After World War II, the USD took over from the pound sterling as the world's reserve currency.

How do the decisions of the Federal Reserve affect the Dollar?

The single most important factor influencing the value of the US Dollar is monetary policy, which is determined by the Federal Reserve (Fed). The Fed has two mandates: achieve price stability (control inflation) and promote full employment. Your main tool to achieve these two objectives is to adjust interest rates.
When prices rise too quickly and inflation exceeds the 2% target set by the Fed, the Fed raises rates, which favors the price of the dollar. When Inflation falls below 2% or the unemployment rate is too high, the Fed can lower interest rates, which weighs on the Dollar.

What is Quantitative Easing and how does it influence the Dollar?

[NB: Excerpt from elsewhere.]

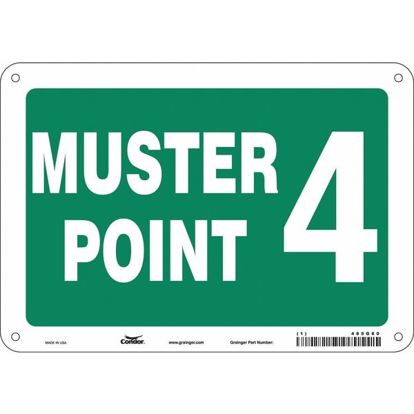 Safety Sign, Vertical Rectangle, Number of Printed Sides 1, English, Sign Format Other Format, Sign Legend Muster Point 4, Sign Legend Background Color Green, Sign Legend Style Text

In extreme situations, the Federal Reserve can also print more dollars and enact quantitative easing (QE). QE is the process by which the Fed substantially increases the flow of credit into a clogged financial system. This is an unconventional policy measure used when credit has dried up because banks do not lend to each other (for fear of counterparty default). It is a last resort when a simple lowering of interest rates is unlikely to achieve the necessary result. It was the Fed's weapon of choice to combat the credit crunch that occurred during the Great Financial Crisis of 2008. It involves the Fed printing more dollars and using them to buy US government bonds, primarily from financial institutions. QE usually leads to a weakening of the US Dollar.

What is quantitative tightening and how does it influence the US dollar?

Quantitative tightening (QT) is the reverse process by which the Federal Reserve stops purchasing bonds from financial institutions and does not reinvest the principal of maturing portfolio securities in new purchases. It is usually positive for the US dollar.